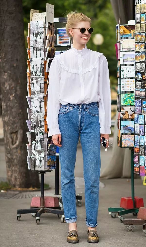 妈妈裤不仅很有复古腔调,而且还很显高显瘦。高腰的设计凸显腿长,简直是小个子女生的福音。
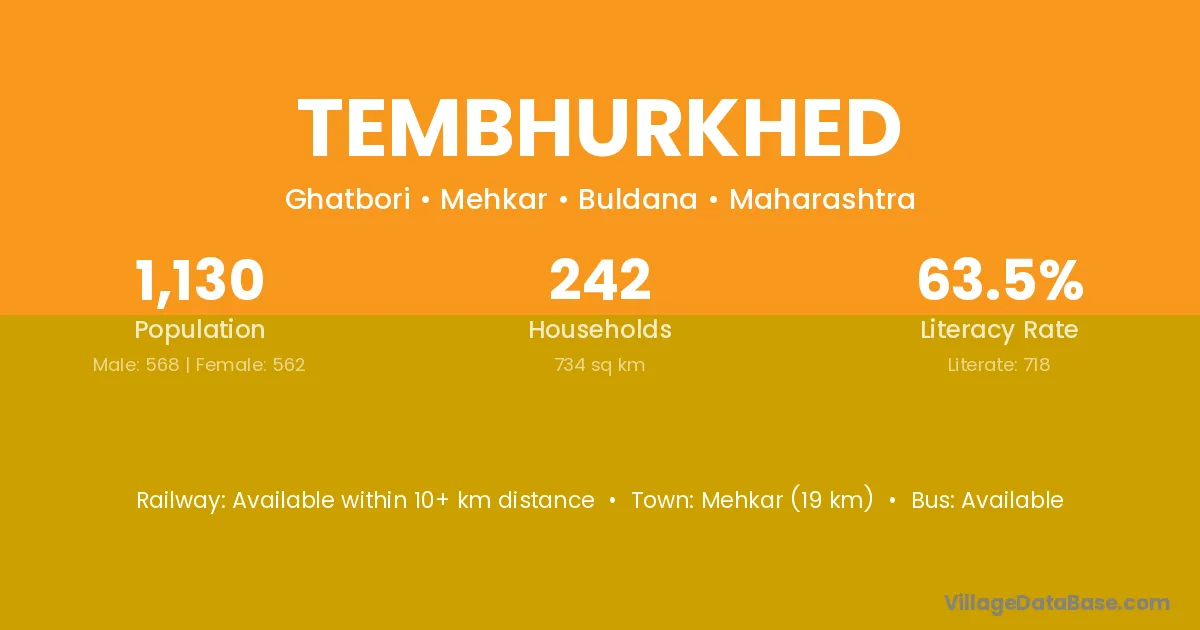 Tembhurkhed village has a total population of 1,130 people, of which 568 are males and 562 are females.
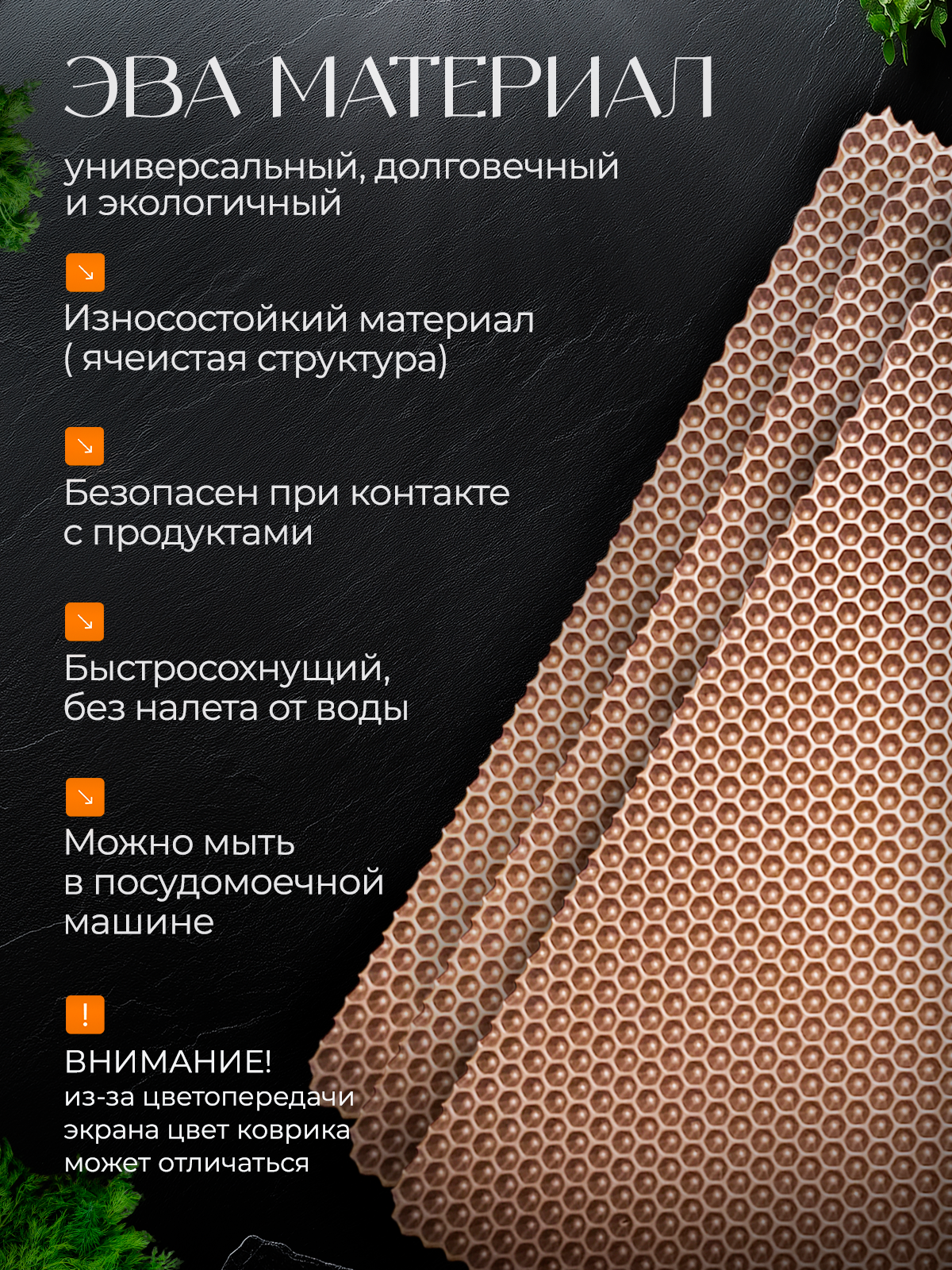 Барный коврик 20х40 см для сушки посуды 3 шт, коричневые соты 251 ₽

> _Problem to solve_: The material above must be set down word for word, with no picture carried over.

> _Written solution_:
 妈妈裤不仅很有复古腔调,而且还很显高显瘦。高腰的设计凸显腿长,简直是小个子女生的福音。
 Tembhurkhed village has a total population of 1,130 people, of which 568 are males and 562 are females.
 Барный коврик 20х40 см для сушки посуды 3 шт, коричневые соты 251 ₽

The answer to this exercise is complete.